От этих вопросов ему стало неуютно. Он вспомнил бабушкины глупые золотые статуэтки китайских бессмертных, ее суеверные убеждения, что мебель нужно ставить в определенных местах и что некоторых чисел стоит избегать, потому что они несчастливые. При слове «пророчества» перед глазами встали печенья с предсказаниями, хотя на самом деле они пришли вовсе не из Китая, но ребята в школе постоянно дразнили его из-за всякой подобной ерунды: «Как говорил Конфуций[19]…» – и все в таком духе. Фрэнк даже ни разу не был в Китае. Ему все это было безразлично. И конечно же, бабушка этого категорически не одобряла.
– Немного, бабушка, – ответил он. – Чуть-чуть.
– Большинство посчитали бы твою мать сумасшедшей. Но не я. Я знаю о пророчествах и богах. Греческие, римские, китайские – все они переплетены в нашей семье. Я никогда не сомневалась в ее словах о том, кем был твой отец.
– Погоди… что?
– Твой отец был богом, – просто сказала бабушка.
Будь у нее чувство юмора, Фрэнк решил бы, что она над ним смеется. Но бабушка никогда не шутила. Неужели у нее начался старческий маразм?

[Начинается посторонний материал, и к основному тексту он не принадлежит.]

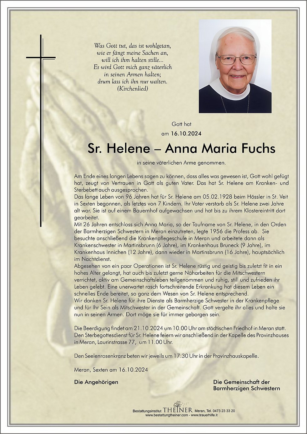 Mit 26 Jahren entschloss sich Anna Maria, so der Taufname von Sr. Helene, in den Orden der Barmherzigen Schwestern in Meran einzutreten, legte 1956 die Profess ab. Sie besuchte anschließend die Krankenpflegeschule in Meran und arbeitete dann als Krankenschwester in Martinsbrunn (6 Jahre), im Krankenhaus Bruneck (9 Jahre), im Krankenhaus Innichen (12 Jahre), dann wieder in Martinsbrunn (16 Jahre), hauptsächlich im Nachtdienst.

– Рот закрой! – повысила она голос. – Мой рассудок в полном порядке. Ты никогда не задавался вопросом, почему твой отец не вернулся?
– Он… – Фрэнк осекся. Ему и так было больно из-за смерти мамы. Он не хотел говорить еще и об отце. – Он служил, как и мама. И пропал во время миссии. В Ираке.
– Бха! Он был богом. Он влюбился в твою мать, потому что она была прирожденным воином. Как я – сильной и смелой, доброй и красивой.
В «сильную» и «смелую» Фрэнк еще мог поверить. А вот представить бабушку «доброй» и «красивой» фантазии не хватало.
Он все еще подозревал, что у нее поехала крыша, но все равно спросил:
– Каким богом?
– Римским, – ответила она. – Больше я ничего не знаю. Твоя мать не рассказывала, если вообще знала. Нет ничего удивительного, что он зацепился за нее взглядом – учитывая нашу семью. Он должен был знать, из какого она рода.
– Минутку… мы китайцы. С чего римским богам хотеть встречаться с канадскими китайцами?
Ноздри бабушки гневно раздулись:
– Если бы ты озаботился узнать свою семейную историю, Фай, ты бы не задавал таких вопросов. Китай и Рим не так уже сильно отличаются и связаны гораздо больше, чем может показаться. Наша семья родом из провинции Ганьсу, из города Лицянь. А до этого… как я уже сказала, наша кровь древняя. Кровь принцев и героев.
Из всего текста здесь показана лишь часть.